(Beginning of DATASET SECTION)

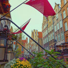 A charming square with colorful buildings adorned with flags, lined with cafes and flower pots bursting with blooms, bathed in warm sunlight creating a welcoming atmosphere.
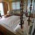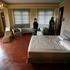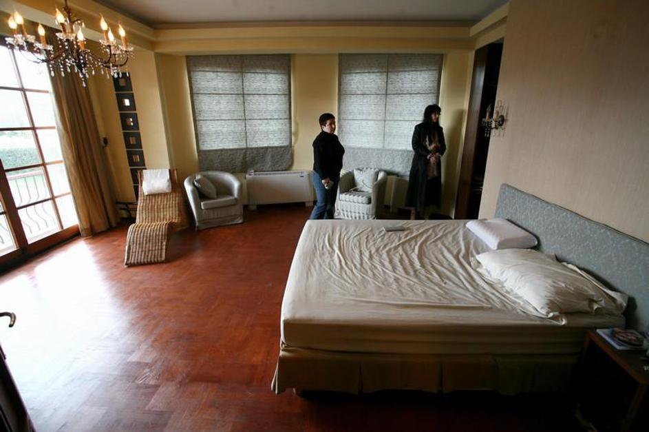 Na oknih v spalnici so še vedno spuščene žaluzije.
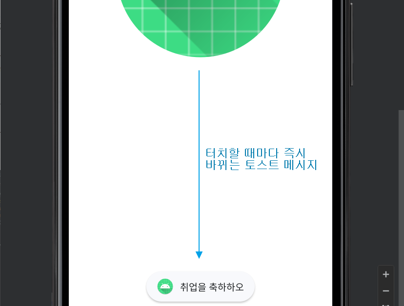 toast = Toast.makeText(getApplication(), "취업을 축하하오", Toast.LENGTH_SHORT);

(End of DATASET SECTION)

> ACTIVITY: Write out all the material verbatim, images excluded.

> RESULT OF THE TASK:
 A charming square with colorful buildings adorned with flags, lined with cafes and flower pots bursting with blooms, bathed in warm sunlight creating a welcoming atmosphere.
 Na oknih v spalnici so še vedno spuščene žaluzije.
 toast = Toast.makeText(getApplication(), "취업을 축하하오", Toast.LENGTH_SHORT);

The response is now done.